My idea: since the dimension of the linear system is at least 2, I can pick linearly independent functions $f,g$ and consider the map $P\mapsto [1:f(P)/g(P)]$. However, I am unsure how to show this map is of degree 2. I'm sure I have to use the conditions on $f,g$ somewhere, but I'm not sure how to approach this, especially showing this map is of degree 2.

Answer 1

You have the good idea. However, be careful with your notations, $[1:f(P)/g(P)] \in \mathbb{P}^1$ has sens only when $f(P)/g(P) \in F$. In fact, you can see $\mathbb{P}^1$ as $F \cup \{\infty\}$ just like for the Riemann sphere. Then, $F(C)$ is simply the set of morphisms $C \rightarrow \mathbb{P}^1$ and it has a field structure so you can directly consider $h : P \mapsto \frac{f(P)}{g(P)} \in F(C)$.

$(f,g)$ linearly independant implies that $h$ is non constant and the degree of $h$ equals the cardinality of its fibers counted with multiplicities. In particular, the number of zeros of $h$ plus its number of poles (still with multiplicities) is twice its degree.

Notice that for all $P$, \begin{align*} h(P) = 0 & \Rightarrow \mathrm{div}(h)_P > 0 \textrm{ and } h \textrm{ has a zero of order } \mathrm{div}(h)_P \textrm{ at } P.\\ h(P) = \infty & \Rightarrow \mathrm{div}(h)_P < 0 \textrm{ and } h \textrm{ has a pole of order } -\mathrm{div}(h)_P \textrm{ at } P.\\ h(P) \in F^* & \Rightarrow \mathrm{div}(h)_P = 0. \end{align*} We deduce form it that, $$ 2\deg(h) = \textrm{ number of zeroes + number of poles } = \sum_{P \in C} |\mathrm{div}(h)_P|. $$ And for all $P$, \begin{align*} |\mathrm{div}(h)_P| & = |\mathrm{div}(f)_P - \mathrm{div}(g)_P|\\ & \leqslant |\mathrm{div}(f)_P + D_P| + |-D_P - \mathrm{div}(g)_P|\\ & = \mathrm{div}(f)_P + \mathrm{div}(g)_P + 2D_P. \end{align*} By summing over $P$, we obtain that, $$ 2\deg(h) \leqslant 2\deg(D) = 4. $$ Therefore, $h$ has degree at most two. If $h$ has degree one, replace it by $h^2$ (and in this particular case, $C = \mathbb{P}^1$ because $h$ is an isomorphism).

Answer 2

little informal remark how I think about this: take the map $\phi: C \rightarrow \mathbf{P}^1$ induced by taking two global sections $f,g \in H^0(\mathcal{L}(D))$. Then $\phi^*\mathcal{O}(1)\cong \mathcal{L}$. In terms of divisors, this is $\phi^*H=D$ where $H$ denotes a "hyperplane class", i.e. is the class of a single point $p\in \mathbf{P}^1$. But $D$ is of degree 2, i.e. linear equivalent to two points $q, q'$ (or $1$ point $2q$ with multiplicity $2$).
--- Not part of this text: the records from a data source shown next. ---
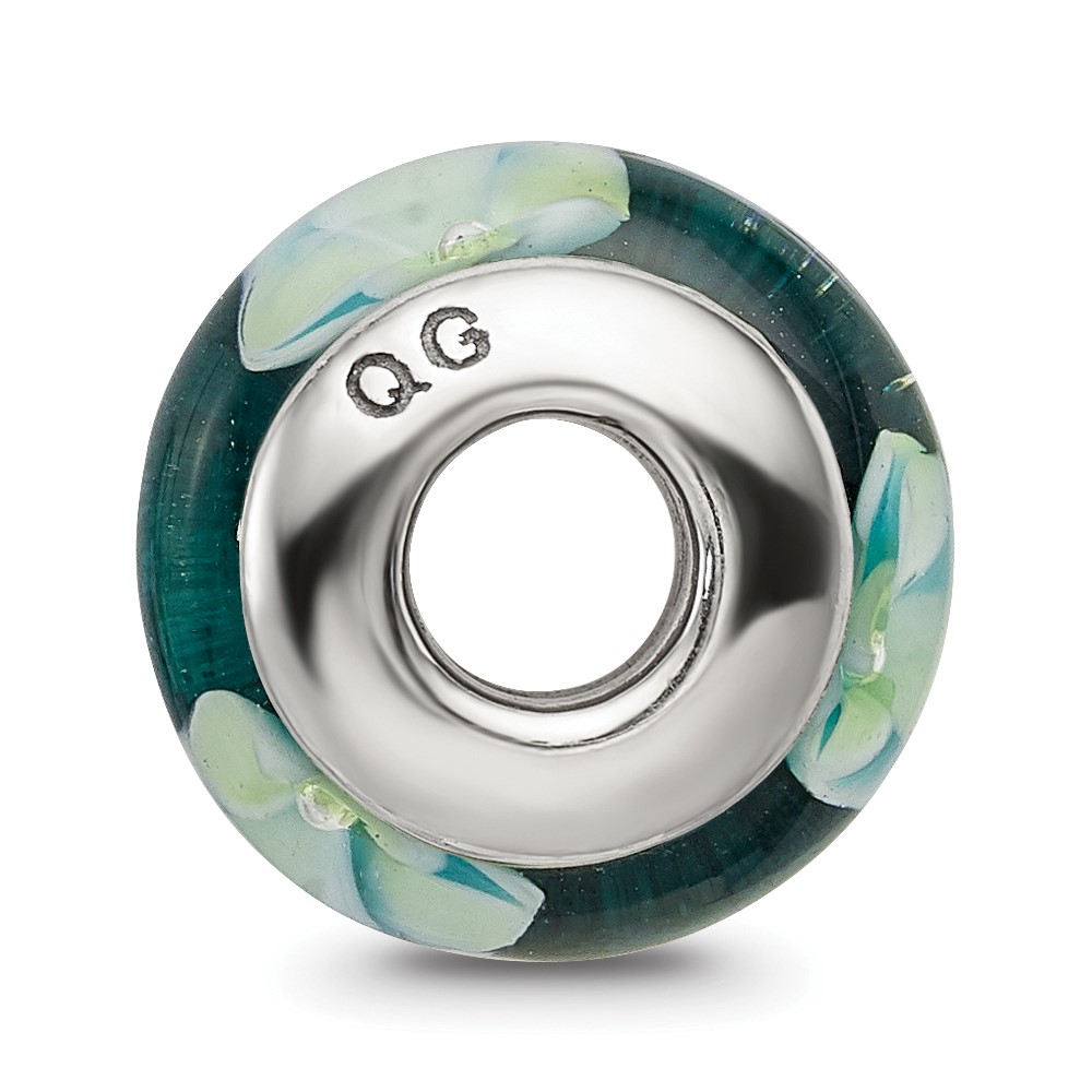 Sterling Silver Reflections Blueish Green Floral Hand-blown Glass Bead
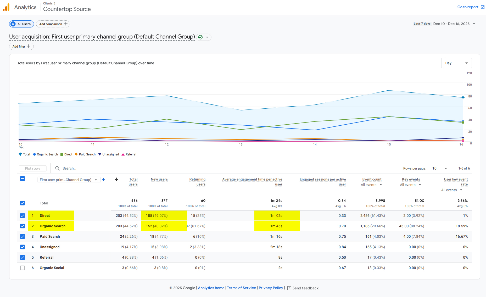 Definitions: Page View means that a user has loaded (or reloaded) a page on your website. User Engagement refers to how much time users spend actively interacting with your website or app. It helps you understand how interested and involved visitors are with your content. Session Start refers to the beginning of a user session — essentially when someone lands on your site or app and begins interacting with it. First Visit refers to the very first time a user lands on your website or app using a specific device/browser. Scroll refers to a user scrolling down your page — specifically when they reach 90% of the page height.
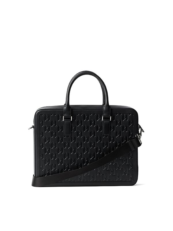 Debossed monogram pattern, silver-tone hardware, silver-tone logo lettering,
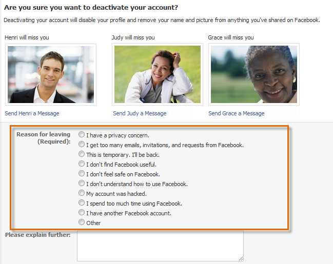 Que se passe-t-il pourtant quand on essaye de supprimer cette identité ? Gordan Savicic a tenté de supprimer son profil. Il en détaille les difficiles étapes. Quand vous cherchez à supprimer cette identité, Facebook vous propose une multitude d’options. Il fourbit une galerie aléatoire de vos relations qui vous disent que vous allez leur manquer, comme si vous deviez les perdre à jamais. Facebook vous demande de remplir un questionnaire pour expliquer pourquoi vous souhaitez quitter le système, « pourquoi prenez-vous ce risque ? ». Pour chaque raison, Facebook propose des réponses adaptées pour vous retenir, pour réfuter vos dénégations, comme bien sûr, de modifier vos préférences d’intimité. On vous demande plusieurs fois votre mot de passe ou de remplir des captchas comme autant d’étapes pour compliquer ce départ. Bien sûr, si vous franchissez l’ultime limite, votre compte n’est plus public, mais Facebook conserve encore de nombreuses données.
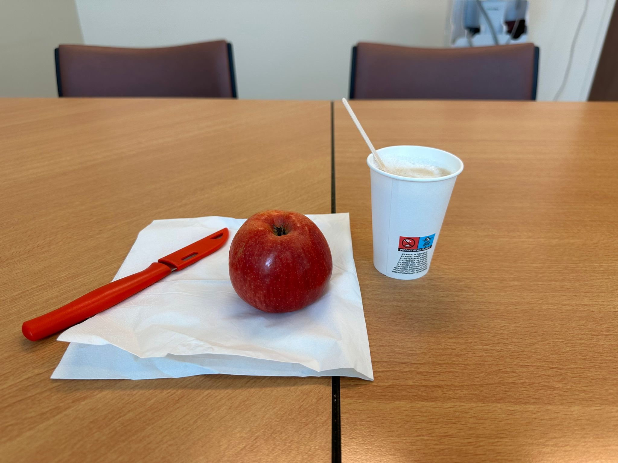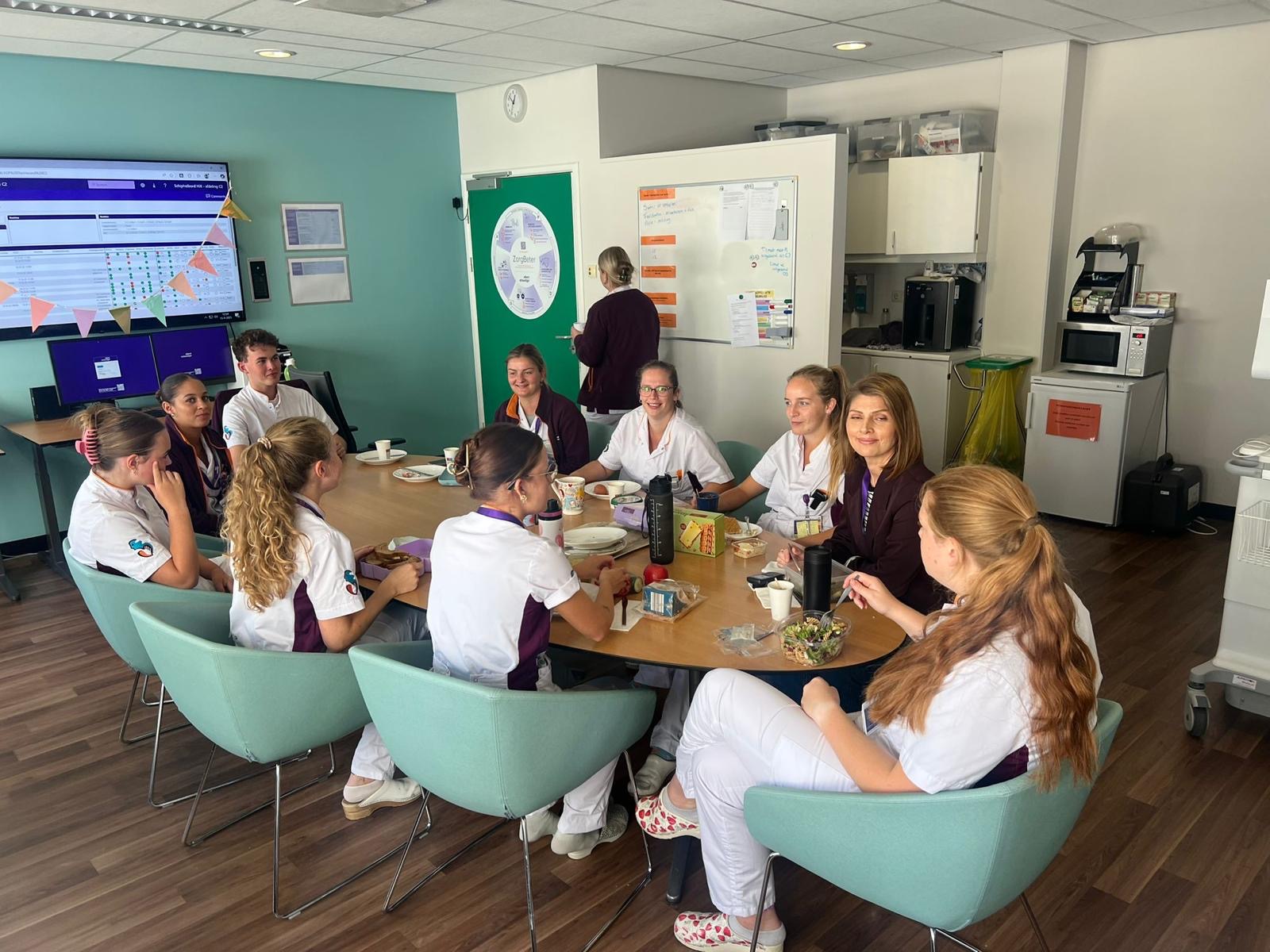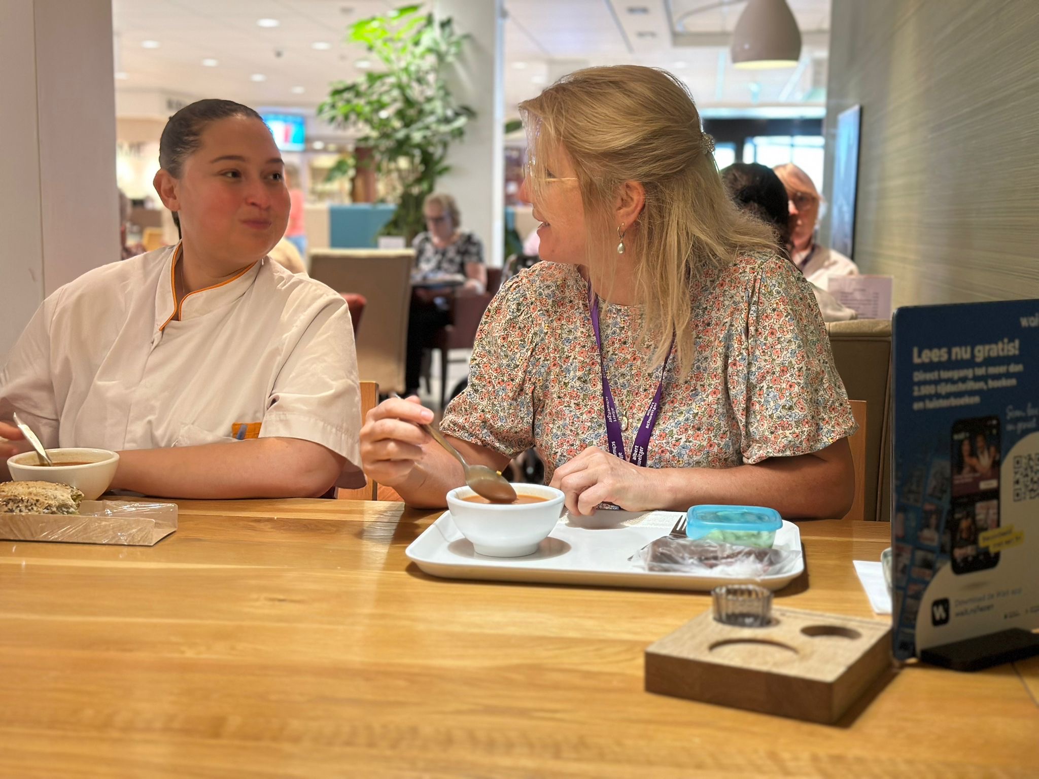 Lunchpauze! Samen met collega’s op de afdeling. Natuurlijk wordt het gesprek af en toe onderbroken door een belletje van een patiënt, maar dat hoort erbij.

As pullback is like inverse image, you get exactly the two points $q,q'$ are mapped to $p$ via $\phi$.

$\mathbf{Remark}$: This is generic situation, could be that you pullback only to a thickened point $2q$ but that still gives you a degree $2$ map although the reduced fibre is a singleton.